Write every line of the material again exactly, with no pictures in the copy.

BEGIN

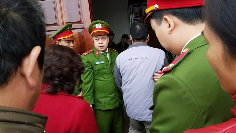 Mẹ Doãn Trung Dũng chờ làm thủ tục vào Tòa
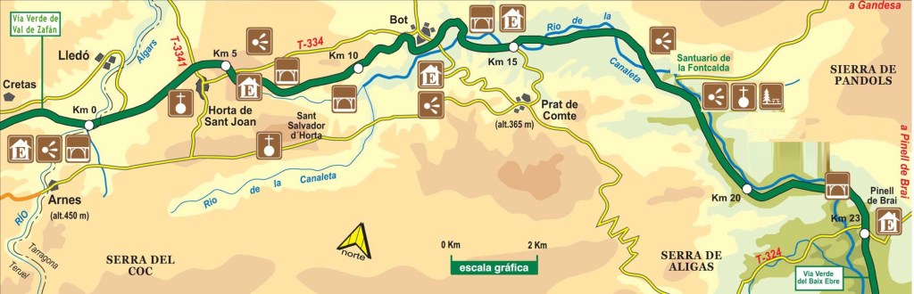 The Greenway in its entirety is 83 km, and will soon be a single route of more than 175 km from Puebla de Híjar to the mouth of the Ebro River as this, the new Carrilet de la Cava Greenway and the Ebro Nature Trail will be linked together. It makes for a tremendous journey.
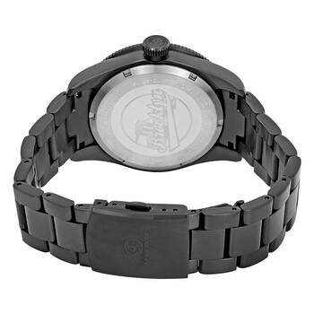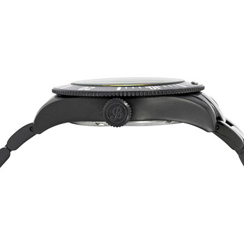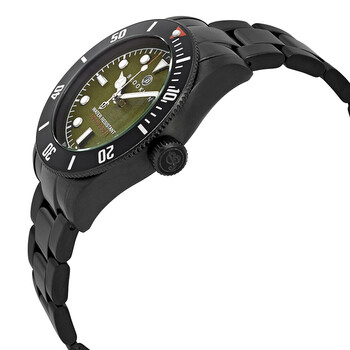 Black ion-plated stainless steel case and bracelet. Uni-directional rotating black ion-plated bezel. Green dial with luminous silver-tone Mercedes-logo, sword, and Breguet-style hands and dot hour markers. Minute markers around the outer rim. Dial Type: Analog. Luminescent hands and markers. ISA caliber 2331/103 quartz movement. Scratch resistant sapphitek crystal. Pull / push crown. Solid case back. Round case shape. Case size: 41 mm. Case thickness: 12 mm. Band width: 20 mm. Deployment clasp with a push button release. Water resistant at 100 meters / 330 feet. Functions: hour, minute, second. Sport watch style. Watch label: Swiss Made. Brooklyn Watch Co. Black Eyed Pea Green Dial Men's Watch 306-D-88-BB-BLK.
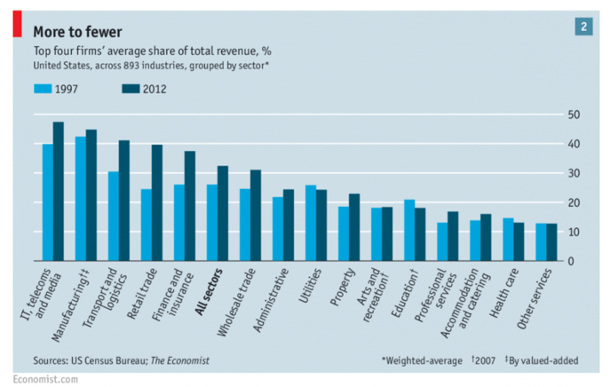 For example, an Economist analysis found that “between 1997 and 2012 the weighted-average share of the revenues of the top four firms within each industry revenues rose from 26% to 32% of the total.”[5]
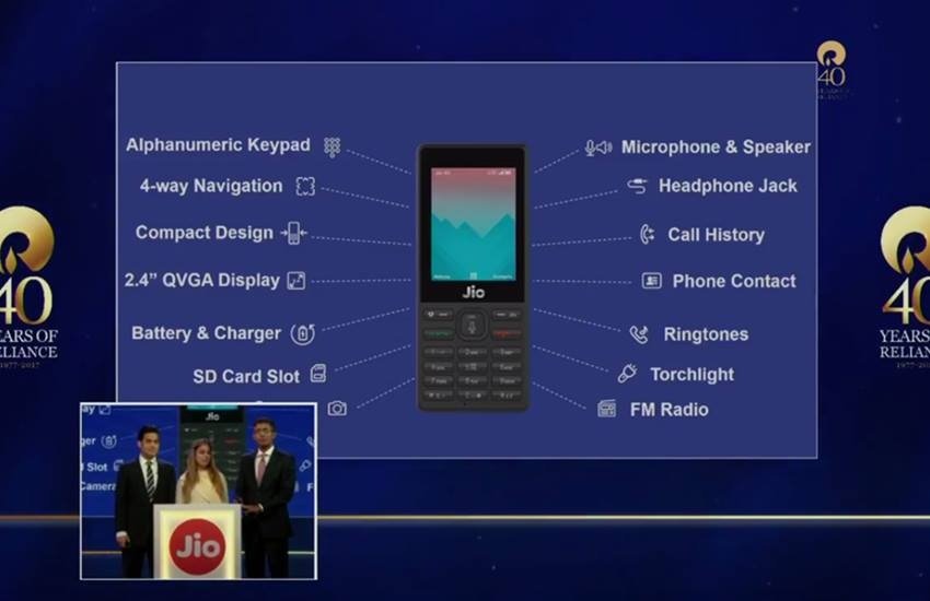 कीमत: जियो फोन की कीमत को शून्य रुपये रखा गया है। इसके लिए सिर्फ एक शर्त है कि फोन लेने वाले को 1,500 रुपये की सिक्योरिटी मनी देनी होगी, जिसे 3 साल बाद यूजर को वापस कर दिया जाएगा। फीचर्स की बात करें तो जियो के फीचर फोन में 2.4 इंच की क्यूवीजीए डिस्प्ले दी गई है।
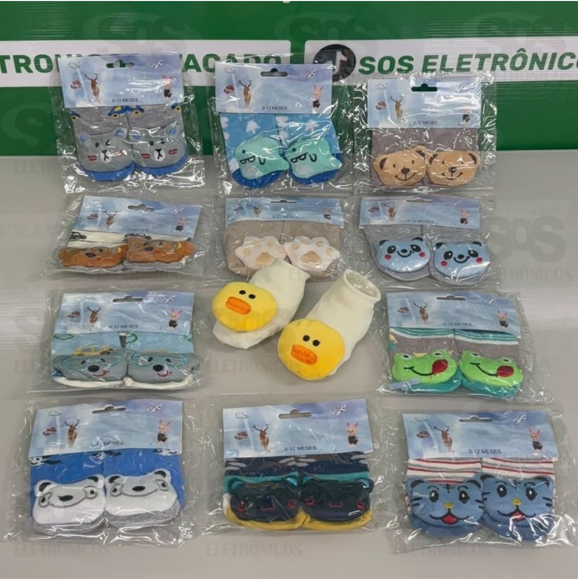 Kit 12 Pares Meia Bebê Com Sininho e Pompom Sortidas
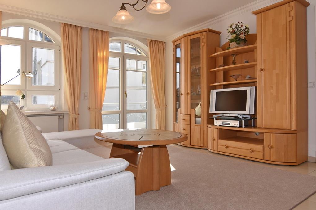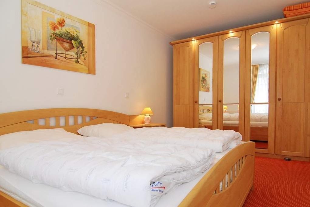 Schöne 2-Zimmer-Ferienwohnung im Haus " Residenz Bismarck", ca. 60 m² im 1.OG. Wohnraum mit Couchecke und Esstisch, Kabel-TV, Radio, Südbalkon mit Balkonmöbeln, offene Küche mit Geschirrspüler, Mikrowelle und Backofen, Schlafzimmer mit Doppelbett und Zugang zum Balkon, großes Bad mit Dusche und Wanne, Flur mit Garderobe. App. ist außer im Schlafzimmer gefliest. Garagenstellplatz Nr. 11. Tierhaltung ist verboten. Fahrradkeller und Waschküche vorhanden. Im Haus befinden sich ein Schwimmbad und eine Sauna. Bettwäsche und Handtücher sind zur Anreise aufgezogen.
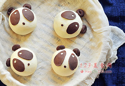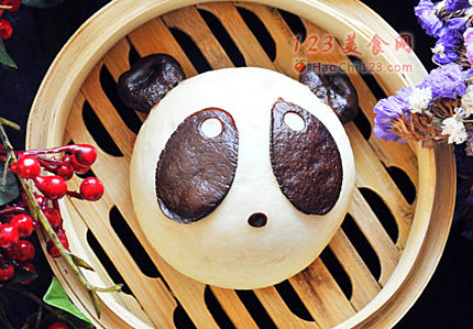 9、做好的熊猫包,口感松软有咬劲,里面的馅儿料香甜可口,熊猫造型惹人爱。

END

- _Solution for this task_
 Mẹ Doãn Trung Dũng chờ làm thủ tục vào Tòa
 The Greenway in its entirety is 83 km, and will soon be a single route of more than 175 km from Puebla de Híjar to the mouth of the Ebro River as this, the new Carrilet de la Cava Greenway and the Ebro Nature Trail will be linked together. It makes for a tremendous journey.
 Black ion-plated stainless steel case and bracelet. Uni-directional rotating black ion-plated bezel. Green dial with luminous silver-tone Mercedes-logo, sword, and Breguet-style hands and dot hour markers. Minute markers around the outer rim. Dial Type: Analog. Luminescent hands and markers. ISA caliber 2331/103 quartz movement. Scratch resistant sapphitek crystal. Pull / push crown. Solid case back. Round case shape. Case size: 41 mm. Case thickness: 12 mm. Band width: 20 mm. Deployment clasp with a push button release. Water resistant at 100 meters / 330 feet. Functions: hour, minute, second. Sport watch style. Watch label: Swiss Made. Brooklyn Watch Co. Black Eyed Pea Green Dial Men's Watch 306-D-88-BB-BLK.
 For example, an Economist analysis found that “between 1997 and 2012 the weighted-average share of the revenues of the top four firms within each industry revenues rose from 26% to 32% of the total.”[5]
 कीमत: जियो फोन की कीमत को शून्य रुपये रखा गया है। इसके लिए सिर्फ एक शर्त है कि फोन लेने वाले को 1,500 रुपये की सिक्योरिटी मनी देनी होगी, जिसे 3 साल बाद यूजर को वापस कर दिया जाएगा। फीचर्स की बात करें तो जियो के फीचर फोन में 2.4 इंच की क्यूवीजीए डिस्प्ले दी गई है।
 Kit 12 Pares Meia Bebê Com Sininho e Pompom Sortidas
 Schöne 2-Zimmer-Ferienwohnung im Haus " Residenz Bismarck", ca. 60 m² im 1.OG. Wohnraum mit Couchecke und Esstisch, Kabel-TV, Radio, Südbalkon mit Balkonmöbeln, offene Küche mit Geschirrspüler, Mikrowelle und Backofen, Schlafzimmer mit Doppelbett und Zugang zum Balkon, großes Bad mit Dusche und Wanne, Flur mit Garderobe. App. ist außer im Schlafzimmer gefliest. Garagenstellplatz Nr. 11. Tierhaltung ist verboten. Fahrradkeller und Waschküche vorhanden. Im Haus befinden sich ein Schwimmbad und eine Sauna. Bettwäsche und Handtücher sind zur Anreise aufgezogen.
 9、做好的熊猫包,口感松软有咬劲,里面的馅儿料香甜可口,熊猫造型惹人爱。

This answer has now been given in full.